Sorting your inputs
Sorting tools
To know about Tools available for sorting, refer to this FAQ
Updates
Current usage as of the 18.09 release
Uploaded BAM data will be assigned the bam
datatype if it is already coordinate-sorted (header contains "SO:coordinate").
Other BAM data will be assigned the unsorted.bam
datatype. In most use cases, the data can be used without changes with tools (the proper sort/index will be created temporarily during runtime).
Avoid assigning the bam
datatype to datasets that are not actually coordinate sorted. Downsteam tools will either pause or fail. If you reassigned before reading this, changing the datatype back to unsorted.bam
will resolve most issues.
Note: All usage help below is now deprecated if it involves BAM datasets.
Deprecated: Example tools and Tool groups that require input sorting
Deprecated help below
The list is not comprehensive. If a tool fails, try sorting inputs as a first pass solution, whether this is declard or not on the tool form help. Cooridnate order is the most common ordering expected by tools. If queryname order is required, the tool form will usually declare that in the help.
Deprecated: Htseq_count
The tool now queryname sorts at runtime with default seetings.
Deprecated help below
Example error on bug report.
job info:
This job was terminated because it used more memory than it was allocated.
Please click the bug icon to report this problem if you need help.
How to sort?
Set this option to Yes: Force sorting of SAM/BAM file by NAME
Deprecated: SAMTools
The tool now coordinate sorts at runtime with default seetings.
Deprecated help below
Example error on bug report. Yours may differ. If there is a problem, try sorting first before reporting a bug.
job stdout:
[samopen] SAM header is present: N sequences.
[bam_index_core] the alignment is not sorted (display_dataset_name): A-th chr > B-th chr
[bam_index_build2] fail to index the BAM file.
How to sort?
Try using Coordinate sort on the inputs with SortSam before using these tools.

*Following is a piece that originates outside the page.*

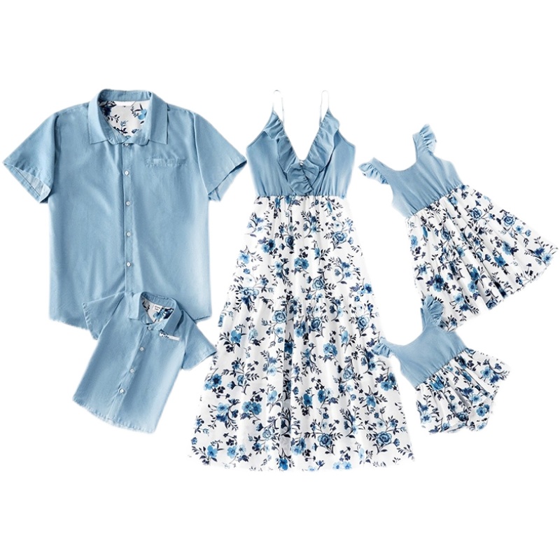 欧美纯棉亲子装夏装短袖父子牛仔衬衫母女连衣裙母子装婴儿连体裙

This is often required as a distinct step even if the input dataset states in the name that it is already sorted.
Deprecated: Picard
The tool now coordinate sorts at runtime with default seetings.
Deprecated help below
Tools can error for a variety of reasons that seem to be unrelated to sort order, including this one seen on the bug report (click on the green bug icon, but there is no need to submit the bug/error). Instead, coordinate sort and then rerun.
job info:
This job was terminated because it used more memory than it was allocated.
Please click the bug icon to report this problem if you need help.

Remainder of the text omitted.